А между тем грело солнце, выбивалась на клумбах редкая зеленая травка, и как раз время было рыхлить в саду землю, а чуть позже вскапывать огород под огурцы и картофель. Бродя по аллеям, Сеничкин-старший переживал, что его зря тут держат, что самые золотые дни уходят зря. Дали бы пенсию и прогнали, и он бы тут же уехал на Оку, отремонтировал материнский дом, покрасил бы лодку. Но, поворачивая к главному корпусу, он вдруг с ожесточением вспоминал, что материнский дом давно продан, что дача у него казенная и, если его сейчас, до мая, выпрут, то летом семье придется торчать в Москве или снимать за большие деньги комнату с террасой у частников. Он не говорил об этом с Ольгой Витальевной, но знал, она надеется, что проволынят до лета. Она молится об этом, потому что Надьке после тяжелой для нее зимы (а проще говоря — аборта) и в предвиденье полутора десятков экзаменов — на аттестат зрелости и в институт — просто необходимо в последний раз воспользоваться совминовскими благами.

— Надо, необходимо… — ворчал Василий Митрофанович. — Всем надо, а мне за всех отдувайся… — И он снова злился на жену, что продала дом на Оке. Сейчас бы скинуть с ног эти теплые ботинки «прощай, молодость», переобуться в сапоги, а еще лучше — спуститься с крыльца босым и осторожно пощупать ногой, греется ли земля!

«Устал или постарел сильно, — думал он. — Постарел, наверно, а то бы домой так не тянуло».

И оттого, что дома, того самого, пятистенного, с надстроенной мансардой серпуховского дома не было, разбирала тоска и злоба, и никак не хотелось возвращаться в Москву, в свою четырехкомнатную квартиру, которую, он знал, за ним оставят до самой смерти.

В эти дни безделья, в перерыве между забиванием «козла», он все чаще вспоминал племянника.

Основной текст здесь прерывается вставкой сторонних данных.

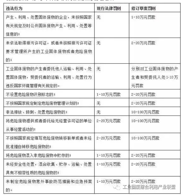 《固廢法》修訂草案涉及罰款的主要變更點(diǎn):

Читать Василию Митрофановичу не хотелось. Газеты он проглядывал кое-как, больше для отвода глаз, потому что то, что в них писалось, его уже не интересовало. В гостиную к телевизору он тоже являлся редко. Отдыхающие его раздражали, и вовсе не потому, что он был крепче и здоровее многих. Нет, были поздоровее его. Просто он чувствовал, что знакомые, да и многие незнакомые (узнавшие о нем от его знакомых) смотрят на него как на человека в их среде и в этом санатории — временного. Отдохнет — и больше глаз мозолить не будет. Даже медицинский и обслуживающий персонал начал позволять себе в отношении Василия Митрофановича некоторую, правда едва заметную, небрежность — и это тоже раздражало, хотя Сеничкин старался не подавать виду.

— Матери скажи, чтоб три тысячи привезла, — сказал он Лешке в последнее мартовское воскресенье.

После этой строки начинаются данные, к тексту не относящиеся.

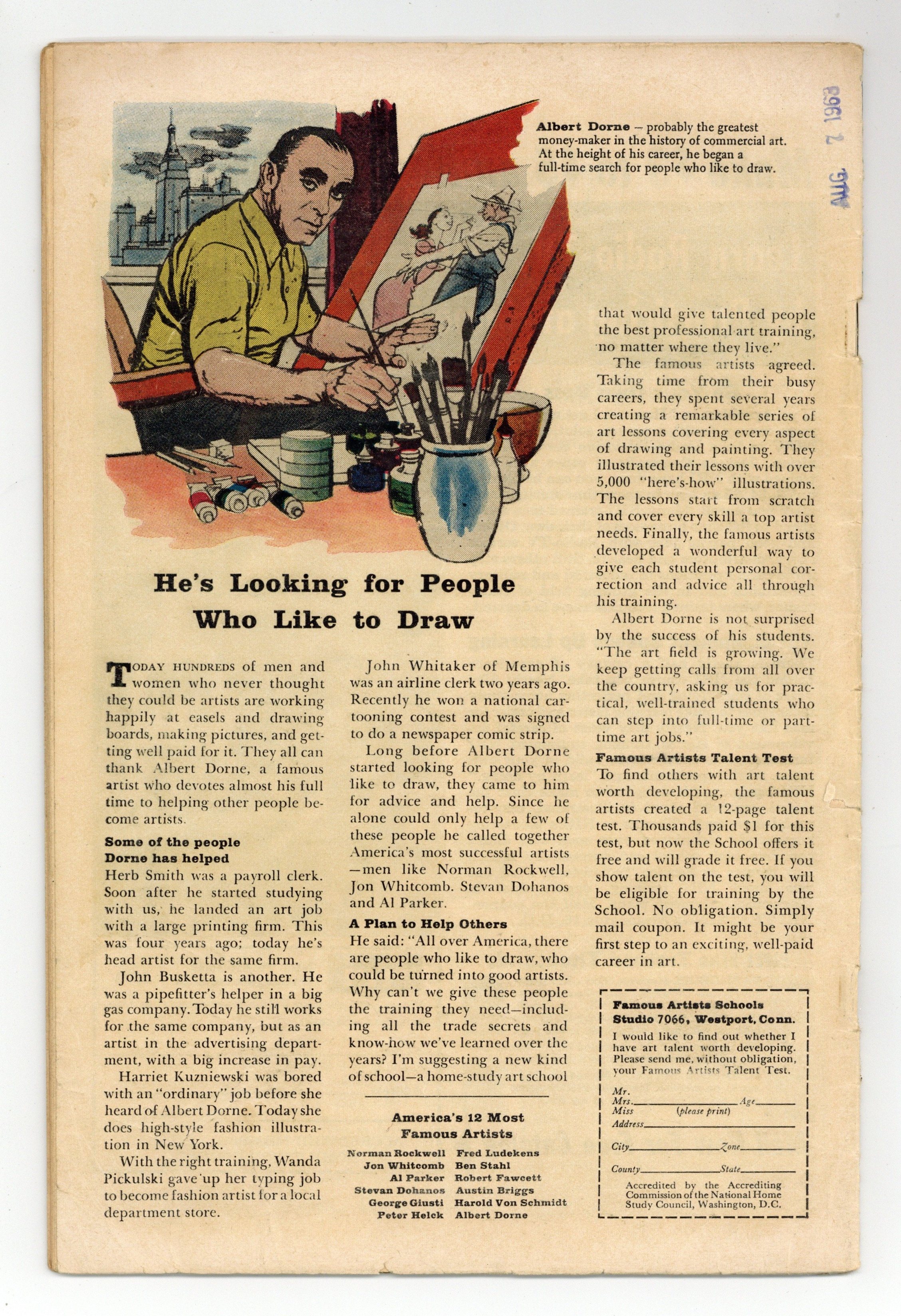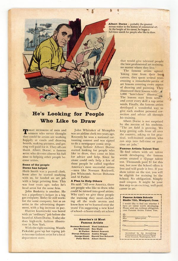 Cover by Don Heck. The Birth of Giant-Man!, script by Stan Lee, art by Jack Kirby and Don Heck; While Henry Pym develops capsules that permit him to become giant-size as well as ant-size, the Eraser captures him and brings him to Dimension Z along with other scientists to build atomic weapons. Odd Skills text story, art by Joe Maneely. The End of a World!, script by Stan Lee and Larry Lieber, art by Larry Lieber and George Roussos [as G. Bell]; A ruler orders the destruction of an uninhabited galaxy as a tribute to his power. 36 pgs., full color. $0.12. Cover price $0.12.

Но пришла среда, и Ольга Витальевна не появлялась, а в субботу она заехала прямо из школы и денег у нее с собой, понятно, не было. Но она твердо обещала привезти на неделе. На неделе она опять не приехала, и вот в четверг вечером Василий Митрофанович позвонил к себе в Управление и попросил прислать завтра к полудню шофера и с ним свою зарплату. Оставалась неделя до выплатного дня, и поэтому Василий Митрофанович попросил свою секретаршу передать главбуху, что, если в кассе всех денег нет, пусть пришлет хотя бы три тысячи:

— Или, ладно. Я сам на минуту загляну.

9-го апреля был день рождения Курчева. Он снова зарос щетиной, которая уже догнала не сбритые усы, и утром, поглядев в осколок зеркала, засунутого за водопроводную трубу, он очень себе не понравился.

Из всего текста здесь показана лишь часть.